◆ **EXERCISE INSTRUCTIONS**: Find the line with "your boating experience." in the entries below, then output every line from it down to the line with "Лонгслив легко комбинируется", exactly and with no pictures.
- Opening Delimiter -
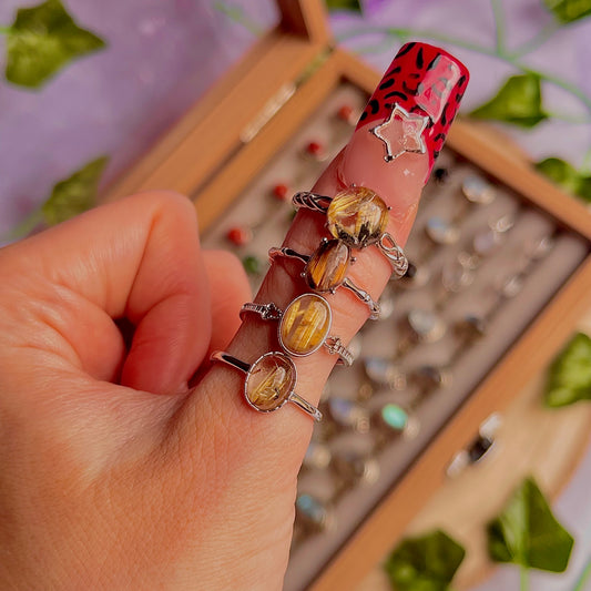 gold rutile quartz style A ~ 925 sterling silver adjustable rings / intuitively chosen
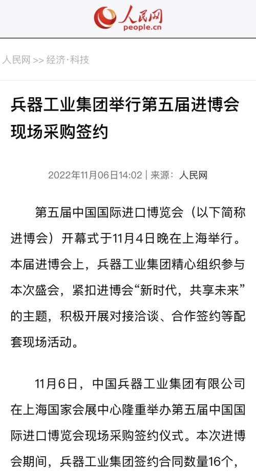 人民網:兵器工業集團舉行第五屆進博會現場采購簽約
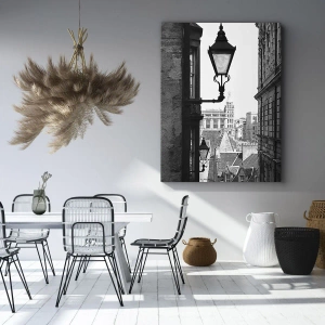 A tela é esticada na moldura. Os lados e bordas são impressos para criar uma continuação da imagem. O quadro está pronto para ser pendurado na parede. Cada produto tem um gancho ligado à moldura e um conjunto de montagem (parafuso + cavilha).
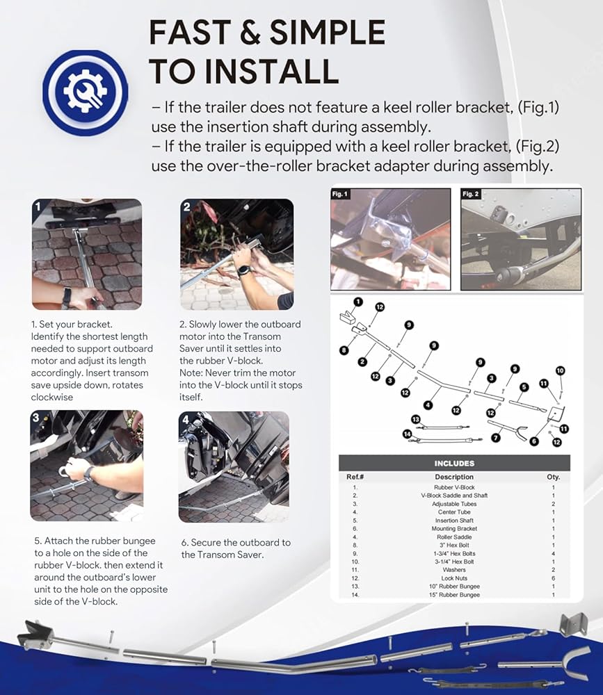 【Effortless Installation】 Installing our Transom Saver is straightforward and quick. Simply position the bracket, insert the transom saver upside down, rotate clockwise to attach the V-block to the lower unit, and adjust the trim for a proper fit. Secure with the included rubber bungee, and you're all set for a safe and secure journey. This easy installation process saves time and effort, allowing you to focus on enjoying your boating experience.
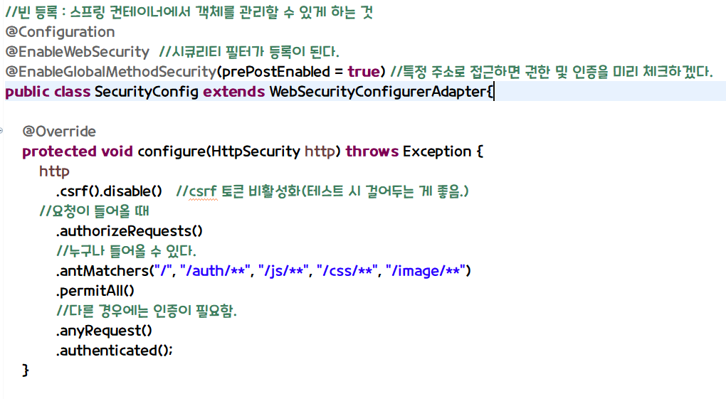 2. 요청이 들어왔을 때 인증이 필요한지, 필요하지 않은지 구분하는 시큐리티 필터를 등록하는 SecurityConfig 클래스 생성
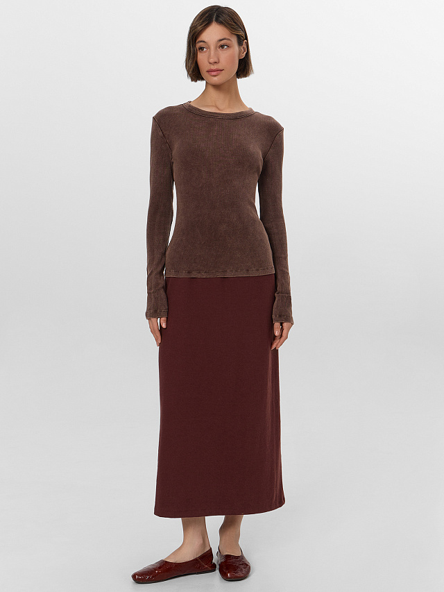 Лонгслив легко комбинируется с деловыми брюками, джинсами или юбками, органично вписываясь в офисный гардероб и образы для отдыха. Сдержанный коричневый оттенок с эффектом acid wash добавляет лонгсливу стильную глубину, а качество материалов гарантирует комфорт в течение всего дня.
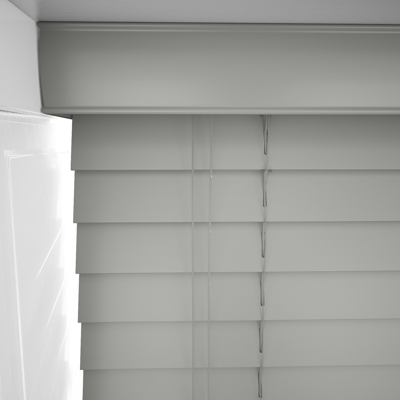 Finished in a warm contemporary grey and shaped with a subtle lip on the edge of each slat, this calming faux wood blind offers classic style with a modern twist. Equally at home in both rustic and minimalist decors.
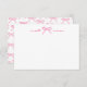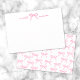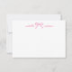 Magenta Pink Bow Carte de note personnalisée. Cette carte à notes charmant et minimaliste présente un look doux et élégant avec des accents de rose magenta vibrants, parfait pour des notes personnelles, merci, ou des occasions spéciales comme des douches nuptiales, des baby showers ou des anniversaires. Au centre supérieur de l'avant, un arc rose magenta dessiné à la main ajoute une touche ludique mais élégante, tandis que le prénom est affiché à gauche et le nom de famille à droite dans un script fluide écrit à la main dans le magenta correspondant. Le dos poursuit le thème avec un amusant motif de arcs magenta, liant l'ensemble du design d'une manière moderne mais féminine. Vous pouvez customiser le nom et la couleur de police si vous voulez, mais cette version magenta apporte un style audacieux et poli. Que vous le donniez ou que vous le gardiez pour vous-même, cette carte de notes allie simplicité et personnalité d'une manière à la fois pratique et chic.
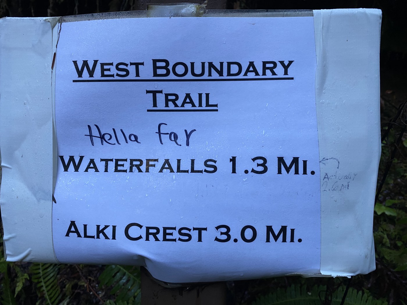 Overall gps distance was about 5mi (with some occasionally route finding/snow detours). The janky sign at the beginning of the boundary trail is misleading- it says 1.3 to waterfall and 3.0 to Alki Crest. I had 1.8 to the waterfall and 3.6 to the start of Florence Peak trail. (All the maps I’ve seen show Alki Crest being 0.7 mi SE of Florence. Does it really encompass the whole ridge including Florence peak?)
- Closing Delimiter -
- Opening Delimiter -
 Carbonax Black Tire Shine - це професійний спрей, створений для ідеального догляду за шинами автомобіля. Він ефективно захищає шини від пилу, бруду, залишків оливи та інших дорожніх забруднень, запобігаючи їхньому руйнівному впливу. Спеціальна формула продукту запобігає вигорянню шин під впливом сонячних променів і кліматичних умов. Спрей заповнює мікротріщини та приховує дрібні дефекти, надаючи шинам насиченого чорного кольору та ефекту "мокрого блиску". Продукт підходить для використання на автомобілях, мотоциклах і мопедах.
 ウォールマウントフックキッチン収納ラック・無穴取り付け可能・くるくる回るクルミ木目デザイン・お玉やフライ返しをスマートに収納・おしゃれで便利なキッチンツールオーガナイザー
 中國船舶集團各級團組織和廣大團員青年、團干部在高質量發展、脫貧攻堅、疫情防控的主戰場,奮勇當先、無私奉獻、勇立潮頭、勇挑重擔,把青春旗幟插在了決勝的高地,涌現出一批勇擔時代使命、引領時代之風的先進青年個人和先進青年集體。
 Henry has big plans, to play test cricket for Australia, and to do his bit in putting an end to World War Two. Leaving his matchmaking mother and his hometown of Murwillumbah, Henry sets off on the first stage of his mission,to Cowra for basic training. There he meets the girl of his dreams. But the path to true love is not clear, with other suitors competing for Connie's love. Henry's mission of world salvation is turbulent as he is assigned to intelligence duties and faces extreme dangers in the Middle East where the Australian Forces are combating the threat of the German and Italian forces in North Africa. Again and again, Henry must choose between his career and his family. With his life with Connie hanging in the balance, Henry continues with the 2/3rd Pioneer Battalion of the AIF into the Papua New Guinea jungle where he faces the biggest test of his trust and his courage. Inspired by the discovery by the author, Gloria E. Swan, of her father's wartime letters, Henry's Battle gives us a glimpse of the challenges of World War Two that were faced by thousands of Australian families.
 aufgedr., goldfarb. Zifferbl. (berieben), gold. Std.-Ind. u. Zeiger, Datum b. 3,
- Closing Delimiter -
◆ **EXERCISE OUTPUT**:
 【Effortless Installation】 Installing our Transom Saver is straightforward and quick. Simply position the bracket, insert the transom saver upside down, rotate clockwise to attach the V-block to the lower unit, and adjust the trim for a proper fit. Secure with the included rubber bungee, and you're all set for a safe and secure journey. This easy installation process saves time and effort, allowing you to focus on enjoying your boating experience.
 2. 요청이 들어왔을 때 인증이 필요한지, 필요하지 않은지 구분하는 시큐리티 필터를 등록하는 SecurityConfig 클래스 생성
 Лонгслив легко комбинируется с деловыми брюками, джинсами или юбками, органично вписываясь в офисный гардероб и образы для отдыха. Сдержанный коричневый оттенок с эффектом acid wash добавляет лонгсливу стильную глубину, а качество материалов гарантирует комфорт в течение всего дня.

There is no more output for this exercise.